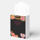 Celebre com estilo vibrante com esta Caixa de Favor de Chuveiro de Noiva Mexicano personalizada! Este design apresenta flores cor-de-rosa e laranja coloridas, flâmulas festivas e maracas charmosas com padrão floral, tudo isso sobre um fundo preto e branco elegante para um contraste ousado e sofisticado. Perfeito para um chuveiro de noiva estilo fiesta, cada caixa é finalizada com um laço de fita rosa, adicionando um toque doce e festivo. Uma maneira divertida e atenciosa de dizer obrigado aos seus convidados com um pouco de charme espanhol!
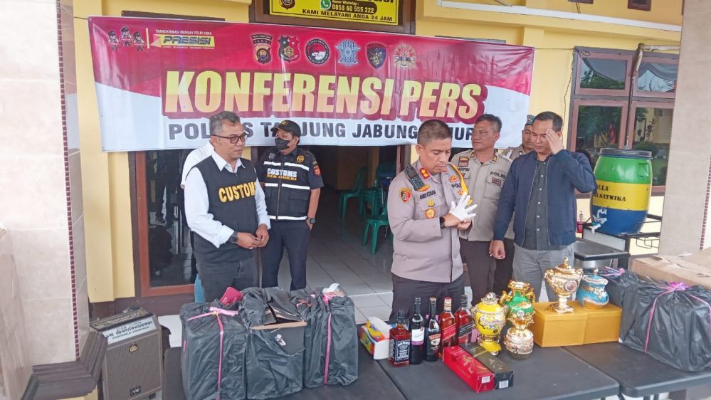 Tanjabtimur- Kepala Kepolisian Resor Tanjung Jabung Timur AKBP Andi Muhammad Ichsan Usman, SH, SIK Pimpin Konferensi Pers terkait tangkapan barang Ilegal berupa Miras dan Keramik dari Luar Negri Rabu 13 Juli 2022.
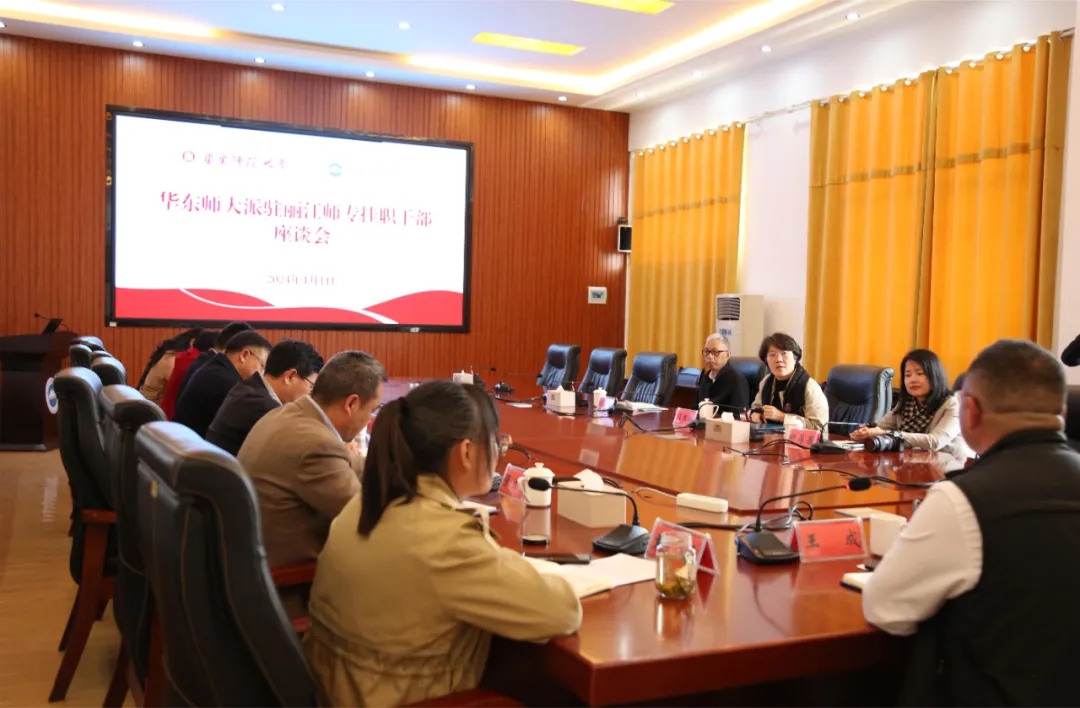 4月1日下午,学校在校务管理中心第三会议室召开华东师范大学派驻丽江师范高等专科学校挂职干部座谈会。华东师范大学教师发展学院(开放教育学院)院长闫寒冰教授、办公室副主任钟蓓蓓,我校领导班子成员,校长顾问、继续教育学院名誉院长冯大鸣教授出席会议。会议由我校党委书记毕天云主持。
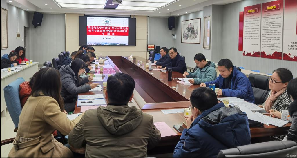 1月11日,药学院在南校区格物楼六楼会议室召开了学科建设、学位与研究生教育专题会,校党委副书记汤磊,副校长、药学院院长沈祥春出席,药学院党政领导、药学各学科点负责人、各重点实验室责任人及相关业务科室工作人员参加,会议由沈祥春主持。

**Work task:**
In the answer, the data should reappear exactly, with no pictures.

**Result of the exercise:**
 Celebre com estilo vibrante com esta Caixa de Favor de Chuveiro de Noiva Mexicano personalizada! Este design apresenta flores cor-de-rosa e laranja coloridas, flâmulas festivas e maracas charmosas com padrão floral, tudo isso sobre um fundo preto e branco elegante para um contraste ousado e sofisticado. Perfeito para um chuveiro de noiva estilo fiesta, cada caixa é finalizada com um laço de fita rosa, adicionando um toque doce e festivo. Uma maneira divertida e atenciosa de dizer obrigado aos seus convidados com um pouco de charme espanhol!
 Tanjabtimur- Kepala Kepolisian Resor Tanjung Jabung Timur AKBP Andi Muhammad Ichsan Usman, SH, SIK Pimpin Konferensi Pers terkait tangkapan barang Ilegal berupa Miras dan Keramik dari Luar Negri Rabu 13 Juli 2022.
 4月1日下午,学校在校务管理中心第三会议室召开华东师范大学派驻丽江师范高等专科学校挂职干部座谈会。华东师范大学教师发展学院(开放教育学院)院长闫寒冰教授、办公室副主任钟蓓蓓,我校领导班子成员,校长顾问、继续教育学院名誉院长冯大鸣教授出席会议。会议由我校党委书记毕天云主持。
 1月11日,药学院在南校区格物楼六楼会议室召开了学科建设、学位与研究生教育专题会,校党委副书记汤磊,副校长、药学院院长沈祥春出席,药学院党政领导、药学各学科点负责人、各重点实验室责任人及相关业务科室工作人员参加,会议由沈祥春主持。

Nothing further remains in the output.